There was also a lag time in collecting and counting the primary mail-in ballots that only needed to be postmarked by July 7, and the official results of all the races were not certified until last week. Still, the winners of most races were clear within hours or days, much sooner than some people had anticipated.

Ms. Kennedy’s most formidable Democratic primary opponent, Brigid Callahan Harrison, conceded the race about 20 minutes after provisional ballot locations closed.

Elizabeth Matto, director of Rutgers University’s Center for Youth Political Participation, said it would be crucial for New Jersey and other states that are relying heavily on mail-in ballots to invest in “extensive, accurate, nonpartisan” voter education, especially in areas hardest hit by Covid-19.

“People shouldn’t have to chose between voting and their health,” Professor Matto said.

But she said it would also be important to provide ample in-person voting options, especially in a presidential election when turning out to the polls can be a point of pride.

“You want to go get the sticker,” she said. “You want to take your kids into the voting booth.”

But the success of New Jersey’s shift to a predominantly mail-in election will depend on persuading voters to avoid long lines — and an increased risk of spreading the virus — at locations where voters can cast provisional ballots on Election Day.

Mr.

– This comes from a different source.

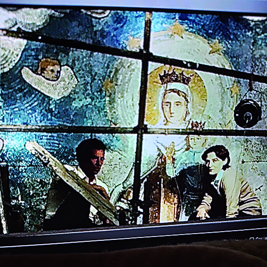 A pedido del padre José Juan García, a quien reconoce admirador de su producción artística, Mirta Romero confeccionó esa obra en vitrofusión, que está ubicada en el frente de la parroquia, en lo alto. "Es una elipse que tiene unos 2,50 m por 1,20 m aproximadamente, y que se ve tanto de adentro y de afuera, haciendo un juego con la luz del día y la noche muy bonito. Está la Virgen de Tulum y abajo hay como una destrucción, como del terremoto, un edificio colapsado y unos niños.

Trump has assailed the Postal Service in recent months, growing increasingly critical of mail-in voting and issuing repeated warnings about the possibility of election fraud.

On Thursday, he repeated an unfounded claim that the election could be rife with fraud if mail ballots were widely used. And he made clear that he opposed Democratic demands for additional funding for the post office to ensure it had the capacity to efficiently process an increased volume of mail.

The comments came amid growing scrutiny of the postmaster general, Louis DeJoy, a Republican donor.

The issue has also become grist in fund-raising appeals to Democrats. In a fund-raising email, a group founded by Democratic members of the House of Representative’s Committee on Veterans’ Affairs, Go for Broke for Vets, asserts that the president and his allies are trying to “undercut, under fund” and weaken the Postal Service, one of the nation’s largest employers of veterans.